Net.com's numbers were in line with analysts' expectations; they predicted the 16 cents a share loss, while expecting slightly lower revenues of $23.65 million, according to Thomson First Call.

But the analysts had been forewarned (see Net.com Gives Q4 Prelims). On March 29, net.com scaled back its guidance in anticipation of today’s disappointing results, and its stock price fell sharply.

The Fremont, Calif.-based company derives much of its revenue from sales of its Promina TDM switch into the secure networks of U.S. government and military entities such as NATO and the U.S. Marine Corps. And the March quarter was no exception -- Promina sales accounted for roughly 80 percent of net.com’s quarterly revenue.

But over the last year, net.com officials complain, government and government agency customers have lost some of their vigor for enhancing their networks.

“We are seeing a lacking in the sense of urgency that we saw two years ago,” net.com CFO John McGrath says.

“There’s a slowness that we’re seeing,” says CEO Bert Whyte. “Although we’re still in those projects, we just have to wait until they come through, and it’s very frustrating for us.”

So the company is making some adjustments (see Net.com: Back to the Enterprise). McGrath says it will invest more in its enterprise sales channel beginning in late April. Whyte says there is still much opportunity in the networks of the IOCs, which he says are moving more quickly than larger service providers toward VOIP.

Whyte says his company’s SCREAM B-RAS and SHOUT gateway/session controller both have roles in the IOCs’ efforts in IPTV and VOIP. “We have an achievable goal of closing three to five IOCs in each of the next few quarters,” Whyte told analysts during a Wednesday conference call.

Today the company’s revenues from sales to IOCs remain a very small percentage of its top line, and the company declines to say how big a deal IOCs are to its buisness.

“You look at these IOCs, but rather than talking about a ten, twenty, thirty million dollar opportunity, we are talking about a few million dollars each, because these are small telcos,” says analyst Larry Patrone of Decision Economics Investment Research.

But McGrath and Whyte had some good news to share with investors, too. The company says it recently won a contract for “follow-on development” of NATO’s 26-nation network. The value of the deal was not disclosed.

The company also saw its first revenue from a contract to supply Microsoft Corp. (Nasdaq: MSFT) with SHOUT gateway/session controllers (see Net.com Reports Happy Q2 (Sort of)). Analysts say the deal should be worth $15 million to $16 million. Microsoft is using the devices to connect 400 of its branch offices to the PBX at its headquarters in Washington.

In spite of those developments, net.com is stepping very lightly in the way of forecasts.
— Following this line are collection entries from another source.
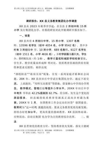 【七哥公文】2025年:调研报告:XX县义务教育集团化办学调查+更多免费公文+VX:QiGeGongWen2024
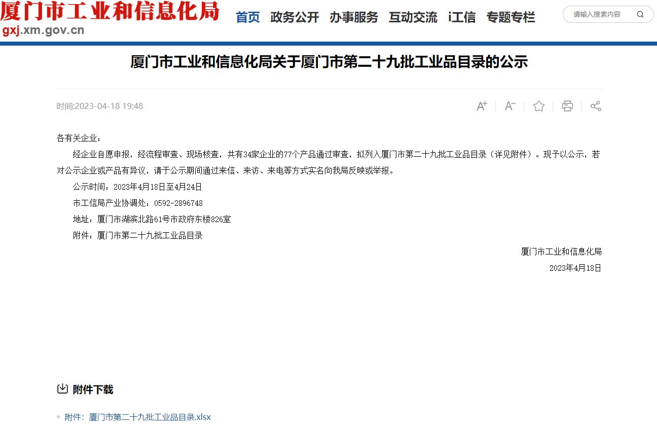 4月28日,,,厦门市工业和信息化局于公示期结束后正式发布厦门市第29批工业品目录,,厦门尊龙时凯智动科技有限公司名列其中。。。
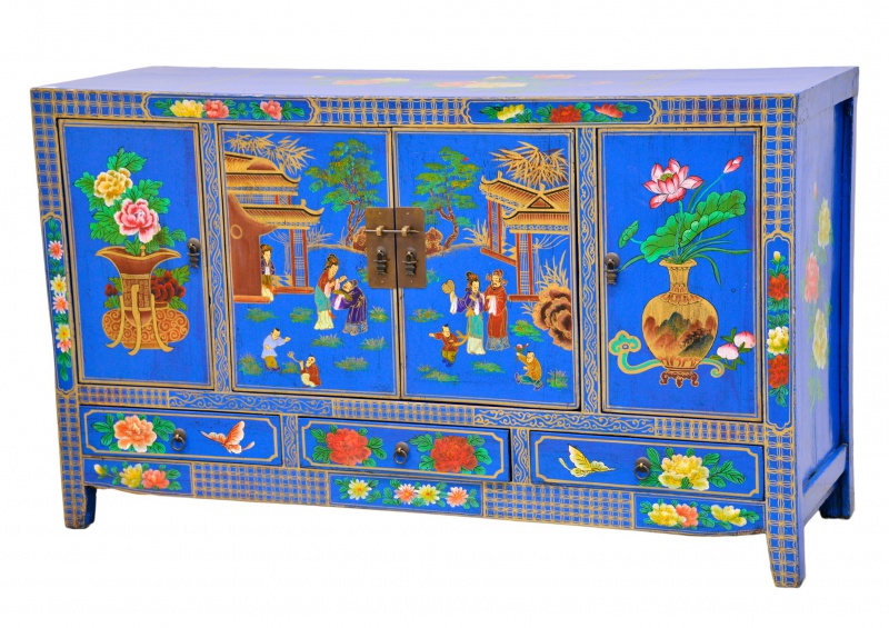 Zbožňujete prostředí, ze kterého na vás dýchá atmosféra exotiky a orientu? Přesně takový ale může být i váš domov! Nádherná modrá orientální skříňka nenechá nikoho klidným. Je ručně malovaná krásnými jasnými barvami, které ještě upevňují luxusní vzhled této komody.
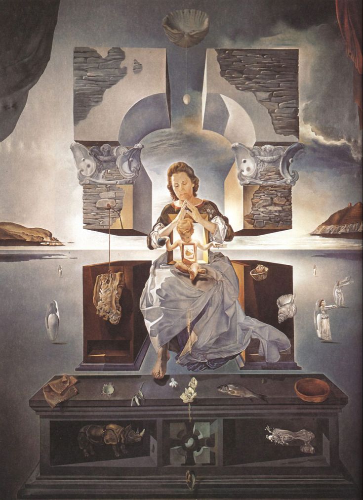Эта картина основана на картине Пьеро делла Франческа «Мадонна с младенцем, ангелами и шестью святыми», где Гала играет Мадонну. Никто не мог назвать Галу девственной или материнской, если уж на то пошло. Она пренебрегала ребенком, которого родила от своего первого мужа, французского поэта Поля Элюара (у нее не было детей от Дали, и в 1936 году ей пришлось сделать гистерэктомию из-за осложнений, связанных с миомой матки).
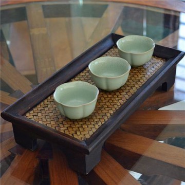 泰國木質編織托盤泰式水杯茶杯托盤茶盤酒店長方形托盤藤東南亞風
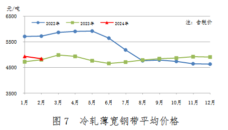 2月份,冷軋薄寬鋼帶產量352萬噸,同比增加45萬噸,上升14.7%;銷售327萬噸,其中出口14萬噸,產銷率92.9%;售價4839元/噸,比上月下跌89元/噸。累計產量708萬噸,同比增加63萬噸,上升9.8%。冷軋薄寬鋼帶平均價格見圖7。
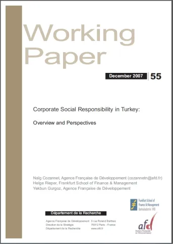 The report is the outcome of four months of collaboration between AFD and the Frankfurt School of Finance and Management to examine existing CSR stakeholder initiatives and practices in Türkiye. Between 2005 and 2006, a literature review, field visits and face-to-face interviews with key public and private stakeholders were conducted. The result was a detailed strategic study of which the present report compiles the key findings and conclusions. This report provides readers with a recent picture of the state of CSR awareness and practices among public and private stakeholders in Türkiye. Based on the analysis of specific drivers and constraints, it suggests practical steps that could be taken by public and private organizations to support the further development of CSR in Türkiye.

McGrath and Whyte declined to give hard revenue or earnings per share guidance for the June quarter, saying only that revenues will be “flat, give or take 15 percent or so.”

“We expect quarterly revenue to remain flat for the next two quarters,” McGrath says. “Depending on the major government programs, we anticipate that we will return to positive growth in the ensuing quarters.”

Net.com also says it intends to buy back as much as $10 million of its stock over the next two years, based on the company's increased cash levels and a belief that the company’s prospects are underappreciated by Wall Street.

Net.com stock rose $0.08 (1.44%) to $5.65 in trading on Wednesday.